A few notes on the tale you're about to read. First, all good characters grow over time, changing as we change. Because of that, I could not simply 'roll back' to Conan Doyle's version of Sherlock. I've tried to create a hybrid between the Victorian and the modern. Conan Doyle was a wonderful writer, but his eye for detail slipped on occasion. MizJ and I decided early on that our Victorian Dr. Watson wrote up their adventures, but they were never published. To 'commemorate' this, we used one of Doyle's mistakes; an entire Holmes tale went to print with Dr. Watson having the first name 'James' instead of 'John'. There also seemed to be a lot of confusion over the names and number of women our dear doctor married. His first marriage was short, and he married more than one woman with the first name 'Mary'. I also make use of one of Mr. Doyle's other interests. MizJ and I both have large parts of this story written out, so updates should be fairly fast. The work I set aside will continue, but this tale needed my full attention first. Okay, MizJ: "Gates of Hell? We've been in worse places." Enjoy, and let us hear from you!
PROLOGUE
He was coughing wetly, his eyes tearing up, further blurring his hazy vision. The air had grown heavy and hot, pulling at him, weakening his legs even as he tried to move forward.
Figures rushed past unnoticed. Everything was horrid orange red with dark shadows of corridors radiating outward. No brighter yellow from actual fire, but it had to be near, seconds away from pouring forth. No sense of a way out as the pressure built behind his ears.
He stumbled around a pile of timbers already burnt to embers, trying to listen for alarms, voices, anything but the roaring of the flames. The muffled sound of weak coughing off to his left caught his attention, and he swore he heard his name being called.
He found the door and pulled his way through. Concentric rings of incandesce, interwoven in an elaborate pattern, burned brightly and shimmered the air around a single figure at their centre.
A woman, wrapped in a pale sheet, lay crumpled in the one circle of floor as yet untouched. A mass of chestnut curls hid her face from view and one empty hand, already blistered by the fire, outstretched across the floor toward him from her still form. He could see her chest rise and fall, but she was breathing far too slowly.
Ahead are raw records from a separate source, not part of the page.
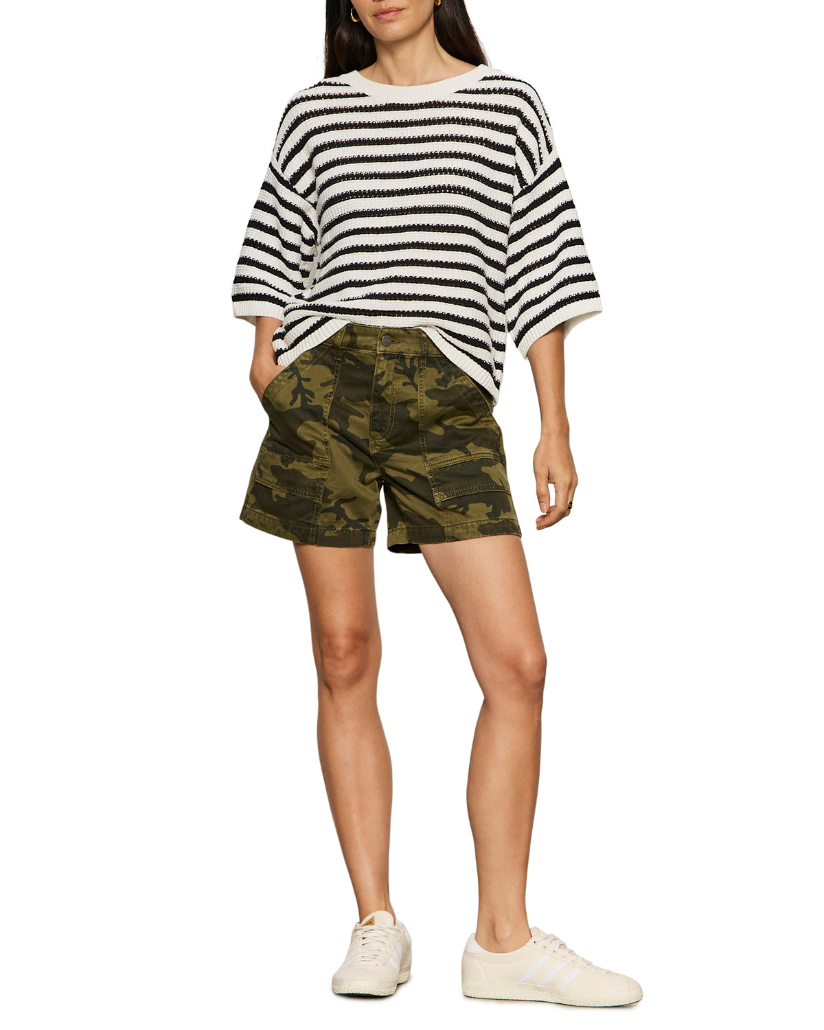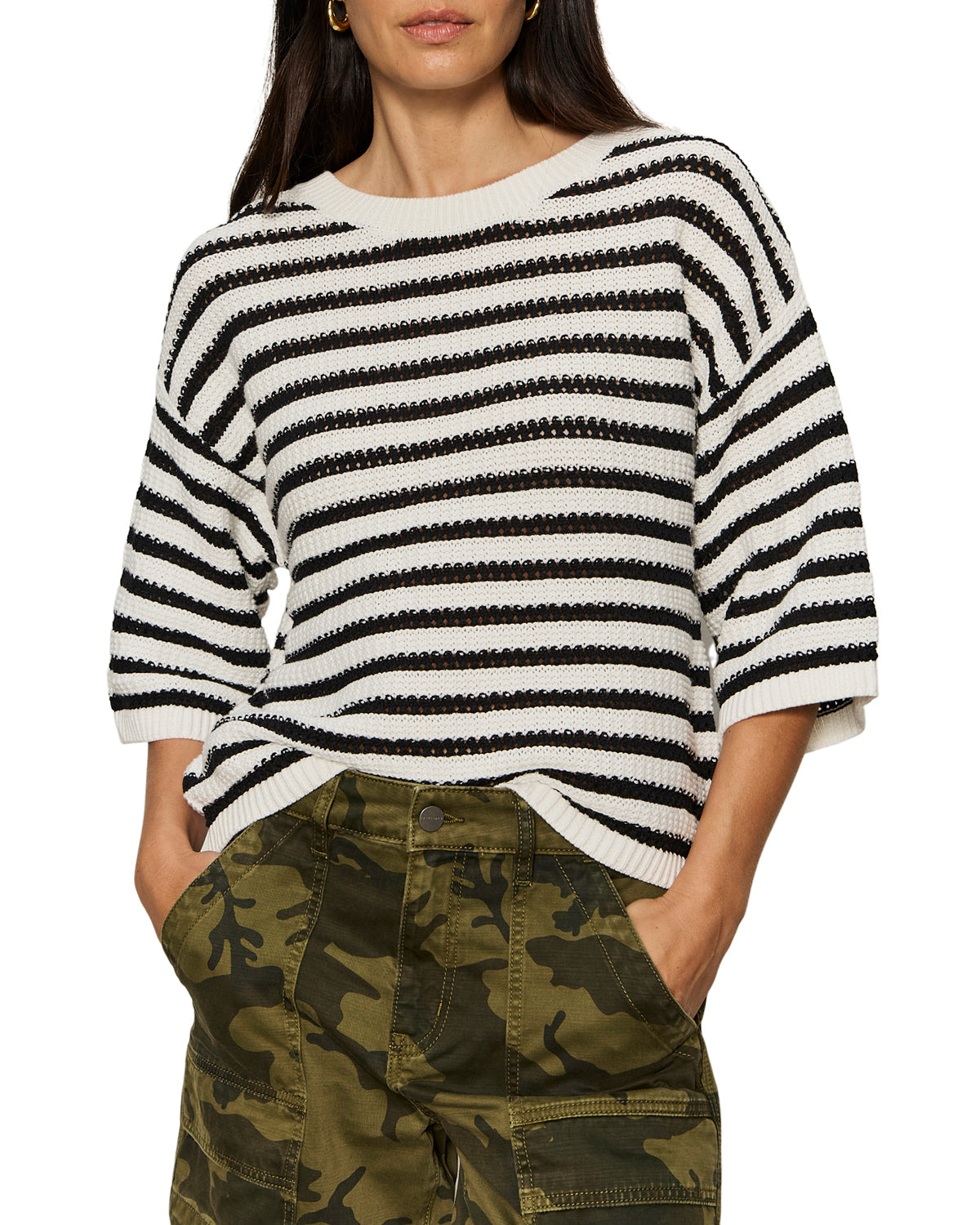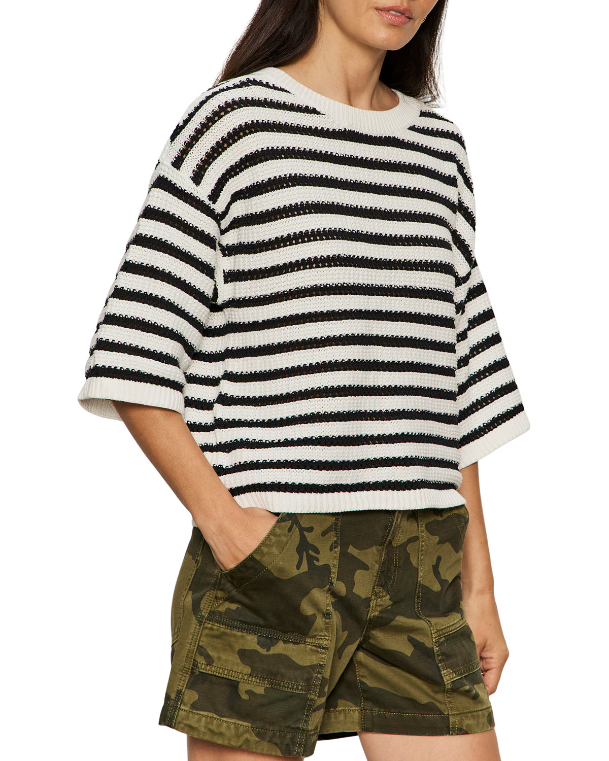 Elle Sweater Tee | Black/Chalk Stripe
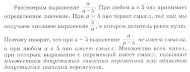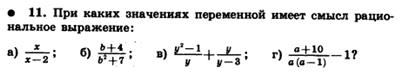 Далее приводятся задания для определения области допустимых значений переменной и нахождения значений переменных, при которых выражение не имеет смысла.
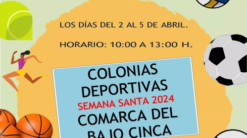 En colaboración de los distintos Ayuntamientos de la delimitación comarcal, se han programado las colonias deportivas en Semana Santa, una opción de ocio y tiempo libre para los días 2, 3, 4 y 5 de abril en los diferentes espacios municipales de cada localidad, donde no exista ninguna otra alternativa de ocio para esos días.
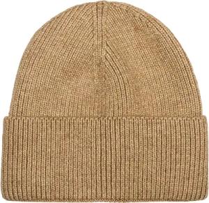Unisex Beanie Mütze mit Fleece Innenfutter und Label | Warme Winter Strickmütze aus Feinstrick | Elastische Longbeanie für Damen und Herren, Farbe:Hellbraun

He was trying to see a path in the pattern, a way through the maze of combustion, when she began to stir, rolling toward him and sitting up. He tried to tell her not to move, that he would find a way to her, but he couldn't hear his own voice over the roar of the pyre.
He watched as panic gripped her, her eyes darting wildly all around as she drew herself into a tight ball. Some sense of recognition, of knowing, fell on him like a lead weight. He had dreamt of her all his life.
Her dark amber eyes met his through the shimmering air and he watched as recognition washed through her as well. She reached out to him, her fear palpable. Unheard, she called his name.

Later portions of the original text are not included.